10. Parce qu’on n’a pas trouvé beaucoup mieux
Les élections ont beau faire l’objet d’un désintérêt, la démocratie belge n’a pas encore déniché la panacée en mesure de les remplacer. Les partis politiques avancent leurs formules pour, comme le veut l’expression consacrée, rapprocher citoyens et politiques. Il s’agit souvent d’encourager la participation citoyenne, donc de mieux associer les citoyens aux décisions. C’est ainsi qu’ont fleuri des initiatives à tous les niveaux de pouvoir: interpellations citoyennes, droit de pétition, commissions mixtes, budgets participatifs, consultations publiques, etc.
La Communauté germanophone est même régulièrement citée en exemple en tant que laboratoire de la démocratie participative, après avoir instauré un dialogue citoyen permanent, qui allie tirage au sort, délibérations et formulation de recommandations.
Ces initiatives sont conçues comme étant complémentaires du processus électoral et du régime parlementaire. Elles comportent, certes, leurs avantages, mais demeurent aussi à la marge, tant qu’à présent, et apparaissent en ordre dispersé. Des chercheurs de l’ULB et de la VUB, les mêmes qui s’étaient penchés sur le phénomène de l’abstention, ont fourni l’an dernier une large analyse sur l’état de ces processus participatifs en Belgique. Il apparaît que, après avoir répertorié 75 initiatives, il s’avère très compliqué de les ranger dans des catégories bien définies, faute d’un cadre légal suffisant.
Surtout, ces initiatives, à côté de leurs vertus, comportent leurs désavantages. Leur effectivité est toute relative et, pointe l’analyse, dresser un bilan sur la mise en œuvre des résultats concrets est une gageure. Le risque existe donc de produire l’inverse de l’effet recherché: des citoyens qui s’impliquent mais ont le sentiment de brasser de l’air ne se détourneront-ils pas encore plus du politique? La colère récente des participants au panel citoyen «We need to talk» sur le financement des partis, face à l’absence d’accord politique sur leurs recommandations, constitue un exemple parlant.
Surtout, l’inclusivité et la représentativité reviennent régulièrement sur le tapis. Qui s’implique? Qui en a les moyens, le temps et l’envie? Qui en a l’intérêt?
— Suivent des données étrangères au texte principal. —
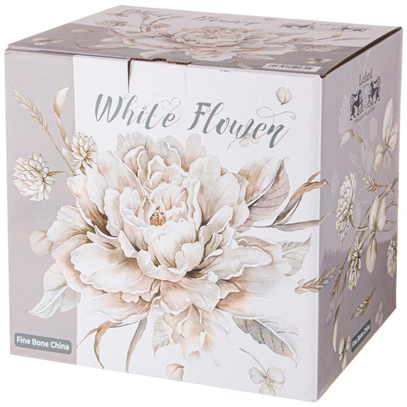 ТМ Lefard - эксклюзивная коллекция "WHITE FLOWER" из белоснежного костяного фарфора. Современные формы, удобные ручки, оптимальные объемы. Белая, серая и голубая цветовые гаммы прекрасно сочетаются и дополняют друг друга. Роскошный белый цветок завораживает красотой и объемом. Красочная индивидуальная упаковка. Это прекрасный подарок для себя и своих близких! Посуда прошла сертификацию. Безопасно для контакта с пищевыми продуктами. Мыть мягкими моющими неабразивными средствами. Можно смело использовать в микроволновой печи, мыть в посудомоечной машине.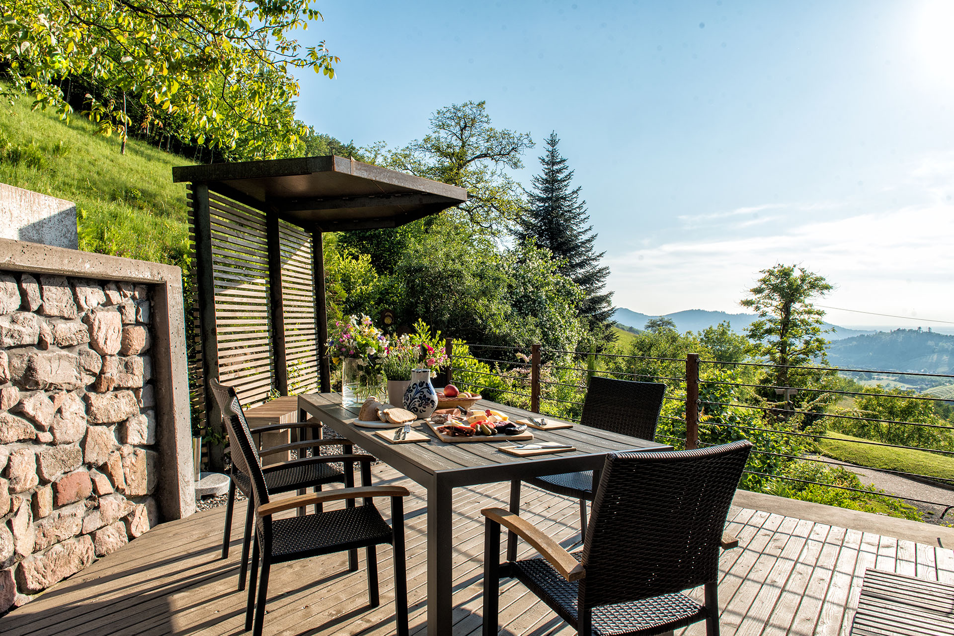 Hier ist der ideale Ort für alle, die sich gerne auch mal was Besonderes in besonderer Umgebung gönnen. Sanft eingebettet zwischen Wiesen und Wäldern wohnen Sie hier mit atemberaubendem Blick, der über die Schwarzwälder Gipfel bis hin zu den Vogesen reicht. Nicht nur das Bergpanorama ist beeindruckend. Insbesondere versprüht die markant moderne Architektur und die hochwertige Einrichtung einen ganz besonderen Charme und bietet ein einzigartiges Urlaubserlebnis weit ab vom Massentourismus.

«Les élections, quoi qu’on en pense, restent ce moment où tout le monde est égal. C’est important de pouvoir signer des pétitions, interpeller les politiques, participer aux assemblées citoyennes ou manifester, mais cela a un côté encore plus inégalitaire», résume la politologue Emilie van Haute. Les élections, elles, ne sont peut-être pas suffisantes, mais constituent probablement «un seuil minimal» plutôt accessible de l’expression des aspirations de tout un chacun.